CAPE TOWN, South Africa, Nov. 5, 2018 /CNW/ -- The Mineral and Petroleum Resources Development Amendment Bill has loomed over South African mining firms since 2014 and caused unwarranted uncertainty in a sector already suffering from rising costs and labour unrest. This uncertainty has hampered investor confidence in an industry that is the traditional backbone of the South African economy.
"Regulatory uncertainty and the delay in resolution of concerns have harmed South Africa's mining sector, and the formal withdrawal of the bill is optimistically the first step towards legislative clarity," said Justin Malherbe, Consultant at Frost & Sullivan.

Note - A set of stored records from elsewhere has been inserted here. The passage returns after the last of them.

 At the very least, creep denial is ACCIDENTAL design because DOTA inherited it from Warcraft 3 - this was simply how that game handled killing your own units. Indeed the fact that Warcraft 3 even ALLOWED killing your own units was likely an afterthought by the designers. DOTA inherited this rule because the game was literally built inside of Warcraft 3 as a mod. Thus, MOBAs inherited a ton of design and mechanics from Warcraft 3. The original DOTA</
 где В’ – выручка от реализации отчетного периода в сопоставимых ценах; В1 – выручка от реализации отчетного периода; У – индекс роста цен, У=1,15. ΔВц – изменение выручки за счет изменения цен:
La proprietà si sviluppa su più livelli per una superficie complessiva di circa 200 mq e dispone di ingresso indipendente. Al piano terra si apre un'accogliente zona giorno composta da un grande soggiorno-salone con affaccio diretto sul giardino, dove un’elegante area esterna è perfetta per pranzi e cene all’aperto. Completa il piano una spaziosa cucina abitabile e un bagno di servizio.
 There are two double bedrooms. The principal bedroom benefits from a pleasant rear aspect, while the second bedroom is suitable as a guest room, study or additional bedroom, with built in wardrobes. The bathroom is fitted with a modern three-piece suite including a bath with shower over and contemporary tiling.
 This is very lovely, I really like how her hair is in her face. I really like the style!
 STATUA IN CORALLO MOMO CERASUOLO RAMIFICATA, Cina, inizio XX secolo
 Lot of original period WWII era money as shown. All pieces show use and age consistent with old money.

Mining firms were understandably concerned about some of the vague stipulations made in the bill, which included requiring ministerial sign-off for minerals to be exported and allowing the minister to impose seemingly arbitrary conditions for the export of minerals. Concerns about the bill date back years, and the lack of resolution has made some points in the bill irrelevant to the current industry, contributing to the bill's withdrawal.
"The importance of the mining sector to South Africa is well documented and although the country should be doing all it can to diversify the economy, this does not mean that a sector that has been so vital in the past should simply be neglected now," said Malherbe.

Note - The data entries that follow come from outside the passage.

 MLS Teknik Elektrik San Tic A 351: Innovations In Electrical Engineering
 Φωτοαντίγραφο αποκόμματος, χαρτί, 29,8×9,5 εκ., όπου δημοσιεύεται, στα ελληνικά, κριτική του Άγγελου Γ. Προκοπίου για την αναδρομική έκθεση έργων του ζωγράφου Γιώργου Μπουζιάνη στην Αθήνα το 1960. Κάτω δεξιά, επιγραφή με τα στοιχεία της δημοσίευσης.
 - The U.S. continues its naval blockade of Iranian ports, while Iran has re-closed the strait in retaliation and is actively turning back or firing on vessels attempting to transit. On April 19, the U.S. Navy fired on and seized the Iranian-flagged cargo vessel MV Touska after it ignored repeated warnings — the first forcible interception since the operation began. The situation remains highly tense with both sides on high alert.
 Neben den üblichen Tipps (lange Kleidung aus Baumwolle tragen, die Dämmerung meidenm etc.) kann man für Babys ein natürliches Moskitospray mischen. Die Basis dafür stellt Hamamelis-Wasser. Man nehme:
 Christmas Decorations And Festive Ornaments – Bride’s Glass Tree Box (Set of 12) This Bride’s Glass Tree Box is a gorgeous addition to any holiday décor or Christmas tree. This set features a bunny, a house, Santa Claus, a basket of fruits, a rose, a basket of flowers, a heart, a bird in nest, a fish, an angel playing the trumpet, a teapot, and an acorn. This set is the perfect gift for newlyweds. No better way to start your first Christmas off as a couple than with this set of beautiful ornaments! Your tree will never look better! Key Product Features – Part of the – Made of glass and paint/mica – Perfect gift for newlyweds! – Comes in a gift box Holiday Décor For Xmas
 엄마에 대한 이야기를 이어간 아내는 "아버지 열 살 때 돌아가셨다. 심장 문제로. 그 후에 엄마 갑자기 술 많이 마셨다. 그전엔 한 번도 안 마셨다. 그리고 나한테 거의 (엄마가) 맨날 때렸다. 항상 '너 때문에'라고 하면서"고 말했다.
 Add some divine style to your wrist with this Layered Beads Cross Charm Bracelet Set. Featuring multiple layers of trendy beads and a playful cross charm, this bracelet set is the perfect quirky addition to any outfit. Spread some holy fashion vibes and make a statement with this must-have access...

Mining in South Africa is beset by a number of challenges, and the decision to remove the bill will potentially restore some of the sector's former vigour and help boost corporate tax revenues as well as employment levels.
Although the withdrawal of the bill should be seen as a positive, it must be noted that this leaves mining legislation operating under the current Mineral and Petroleum Resources Development Act without amendment. Furthermore, the petroleum sector will be addressed directly with legislation framework dedicated to the sector. The current strategy of separating the regulation of the mining and petroleum sectors will need to be diligently followed to ensure sensible governance in both sectors.
"South Africa relies significantly on coal, and firms such as Sasol have established themselves as global leaders in energy technology processes through their coal- and gas-to-liquid methods," said Malherbe. "The withdrawal of the bill could allow for the development of legislation for the petroleum industry, specifically for gas. South Africa has the potential to be a global leader in coal technologies, and investments into innovative processes such as UCG (underground coal gasification) among others were restrained by the bill."